KEEP CALM AND CARRY ON
Beware of the distractions. The real problems, without which the other problems don’t get solved, have always been tyranny and the poverty it leads to. Not the environment or alienation or the sick hurry of modern life or whatever new worry the clerisy comes up with this afternoon. Worrying about economic inequality, for example, distracts from the main story of the modern world. The Dutch and the British slowly learned centuries ago, and the Chinese and Indians finally realized a few decades ago, that the salvation for the wretched of the earth is the Great Enrichment that comes out of liberalism, not restrictions and redistributions imposed by governments. As the economist Thomas Sowell is fond of saying, people live on real income, not on income shares. The early 21st-century obsession with within-country inequality, in short the differences between the Global Mega Rich and the Global Merely Rich, is scientifically erroneous and ethically wrong.
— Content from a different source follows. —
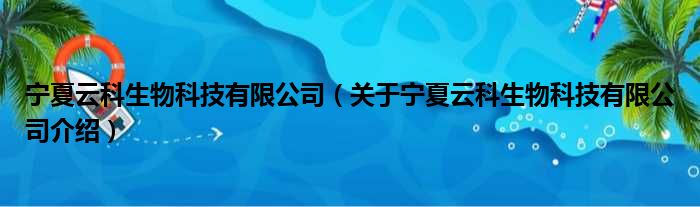 寧夏云科生物科技有限公司(關于寧夏云科生物科技有限公司介紹)
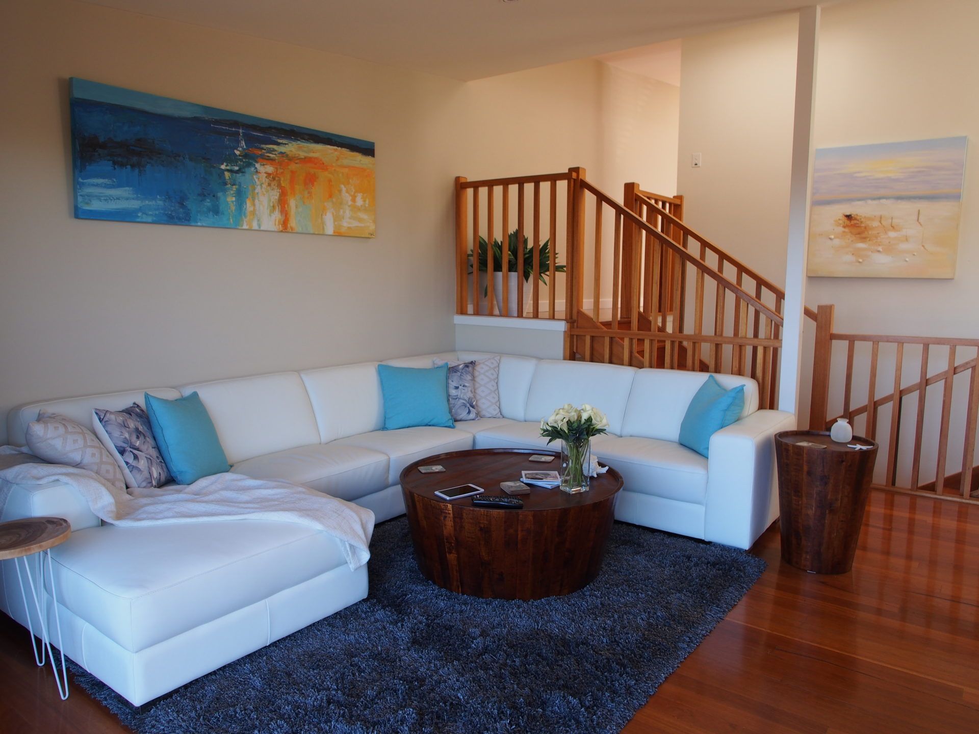 The Duplex - 'Pollys' View,' 117a Government Road is an architecturally designed property spanning four levels and with three balconies to take in the views or just chill. The living areas include separate lounge and family rooms with LED TV's (and a powder room). The lounge has a 65 inch Smart TV with access to Foxtel, Netflix and a sound bar to wirelessly stream music. The gourmet kitchen is ideal for cooking enthusiasts, fitted with an induction cook top, multi function oven, microwave, Nespresso coffee machine (limited pods supplied only) and a filtered drinking water system.

Contrary to what you hear daily, the world is getting better, and the poor are the big winners. We need to keep our ethical wits about us, and not, for example, decide in a fit of COVID-19 panic to abandon the liberal project of encouraging innovism among a free people. Liberalism has massively enriched the descendants of peasants and slaves and the lowest of the low — that’s you and us. Let’s keep it.